Dougal paused to take a drink. When he stopped talking you could hear the waves breaking on the beach outside. The bay had always been part of the admiral's house for me, almost an extension of it. There were no lights on the deck, but the moonlight touched up the shape of things and spilled across the water, so that you could see the silhouettes of neighbouring houses, boats tied up nearby, a distant line of houses on the other shore of the cove, hunched up in the dark with a few lights burning.

"You know those islands across the bay?" Dougal asked. "The barrier islands. You can see them easily in daylight, green bars on the horizon. They're only about, I don't know, four miles away." Dougal looked toward the islands, invisible in the dark, sipping at his bourbon.

"I went up to Finn, pointed to those islands.

'"Think you could swim to those islands?'" I asked him. 'Little brother?'

"He looked at me, a little up and down look like he couldn't believe I was really that lame.

" 'Sure,' he said.

" 'Well come on then.'

" 'What, right now?'

" 'Right now. Unless you think you can't,' I pushed him. 'Unless you don't have it.'

"I knew he was a punk swimmer, no stamina. I also knew that Jeanne was right there, talking to someone else, but well within hearing. She was looking over at us, frowning a little. I knew she was about to come over and come between us, so I pushed Finn harder.

" 'Come on, little brother, if you can,' and I turned and ran and dove into the water, without even taking my shirt off.

"He was right behind me, like I knew he would be.

"We were both a little drunk by then, I guess. We swam out across the cove, into the big part of the bay. It had been a warm day, and the bay was pretty calm, dead still. We tore it up.

"After a while I pulled up and looked behind me. Finn was still coming on, a little further behind now. I could just see the house, and the beach. I couldn't make out the people; I doubt they could see us at all.

"When Finn was almost up to me I took off again.

"The bay's pretty shallow for the most part. In a good low tide you could walk across most of it. But there's one part where the channel comes out from between the islands, where it shelves off, pretty deep. The water gets dark there. You can feel it get colder, deeper, more powerful. You can almost feel that the water is a being, there, a living thing, that knows you're there. Do you know what I mean? It's frightening, sometimes.

"When we got to the deep part I was far ahead of Finn. Then I thought I heard him call out, call my name: 'Dougal!' I stopped swimming, and hung there, paddling, looking back towards him. At first I couldn't see him; I remember thinking he must have gone under. Then his head came up. He was close enough that I could see his eyes, popping out with panic.

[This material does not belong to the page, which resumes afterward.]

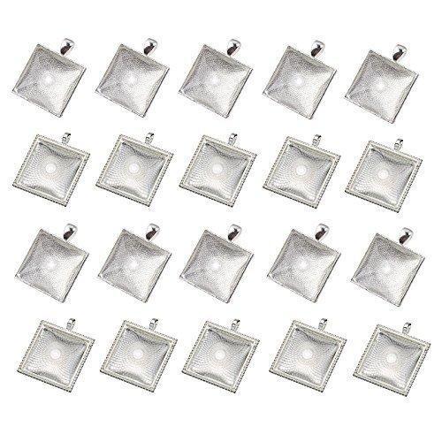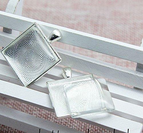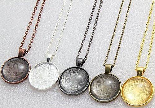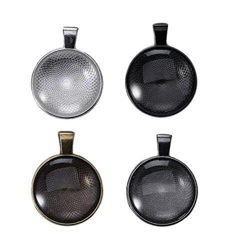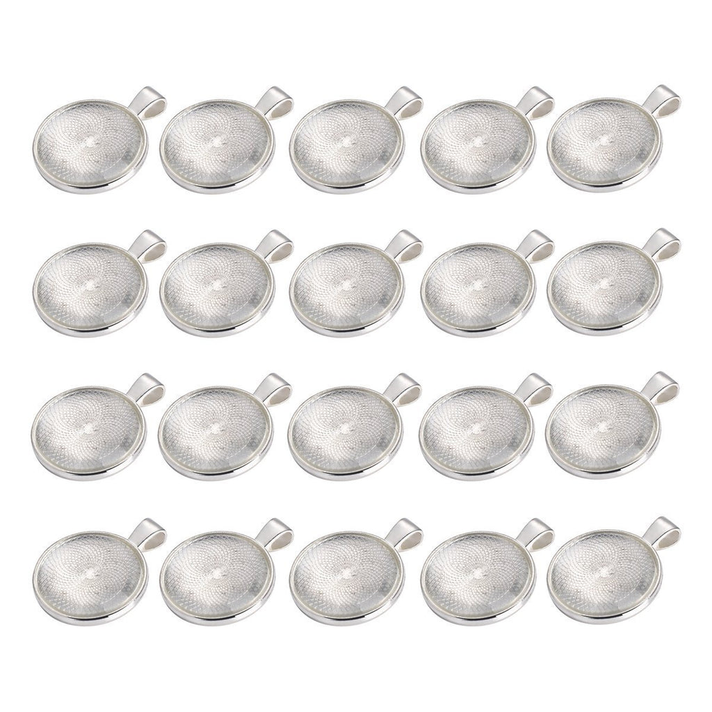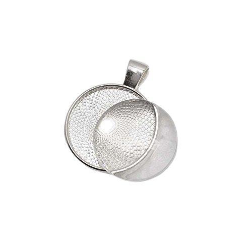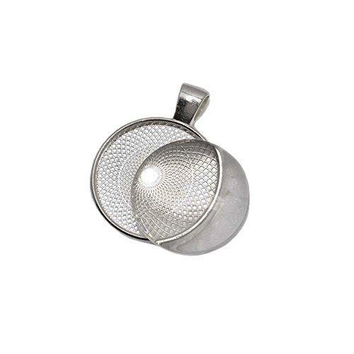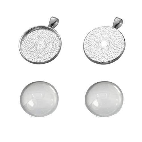 Miraclekoo 20 Set Silver Plated Round Bezel Pendant Trays with Glass Dome Tiles Cabochon 25 mm Blanks Cameo Bezel Cabochon Settings

"'Doog!' he yelled, 'Doog! help me!' Then he went down again.

"I just hung there. There was something cold in me, cold and unmoveable, cold and dark like the deep water.

"It's not true what they say about a drowning man goes down three times. Finn never came up again.

"I watched my brother drown, man! I watched my brother drown.

"After a while I swam over to where I saw him last, and dove down. I didn't see anything the first time. Visibility's never very good in the bay, too much mud and sediment stirred up all the time.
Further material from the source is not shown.